Ms Harman was busy sorting out the logistics at her Westminster office yesterday.
“There is so much enthusiasm, so many women want to join the tour, it is going to be great,” she enthused.
Labour has long boasted that it is the natural home for generations of women, and Ms Harman said the message would be very much a “sufferagettist-type of have your voice, have your say, feel to it” as they “hurtle around” the country.
The House of Commons library has estimated that 850,000 women over the age of 18 in the East of England in 2010 did not vote in the election.
“Those are women for whom the government is very important – for childcare, caring of their older relatives, for the pay levels at work, for their standard of living, for measures for attacking violence against women.
“Who is in the government matters for those things. We will be talking to them to try and persuade them to have their vote and have their say, whoever it is.”
Ms Harman also spoke of the importance of having candidates such as Norwich North’s Jessica Asato, who will be combining caring for her first child, Freya, who was born in December, with a tough fight against incumbent Chloe Smith in May.

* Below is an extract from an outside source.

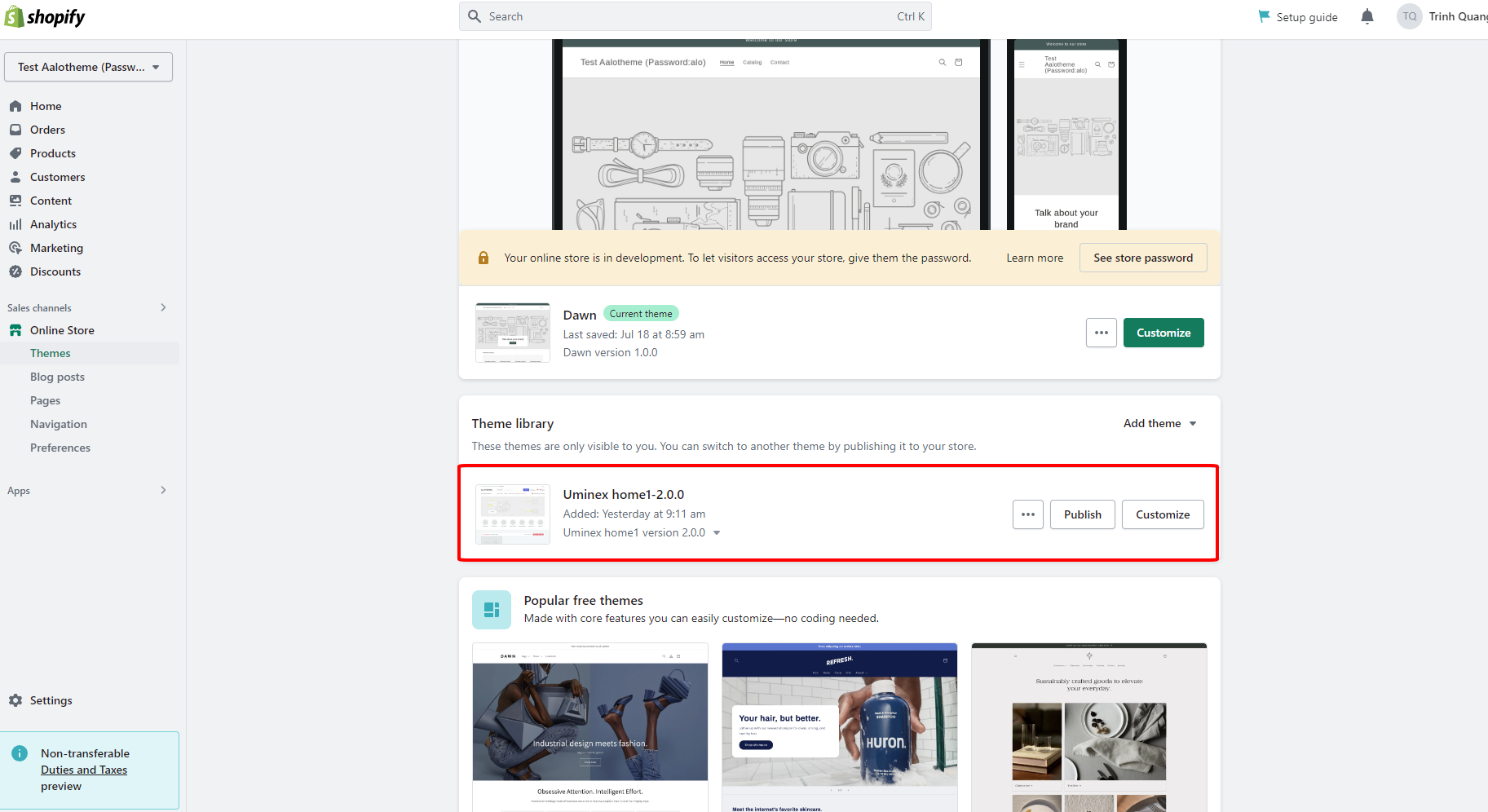 # Upload theme

“She is doing what most women do. Not all women, but most women have a baby at some stage, and they are able to see that there are women in parliament who are managing the balancing act looking after the baby, taking care of it and working.”
But it is not just the mothers of young children whom Ms Harman has in her sights – the increasing number of grandparents who are looking after their grandchildren, as well as working, and looking after older relatives, is also very much on her radar.
“In the past the grandmother often could be relied upon because she wasn’t working. But now women are having to work longer and wanting to work longer,” she addded.
“They have to work longer because the pension age is going up. They too are having to balance work with grandchildren, which they didn’t previously have to do.”
While she said that most grandparents wanted to be involved, the cost of childcare was also an issue.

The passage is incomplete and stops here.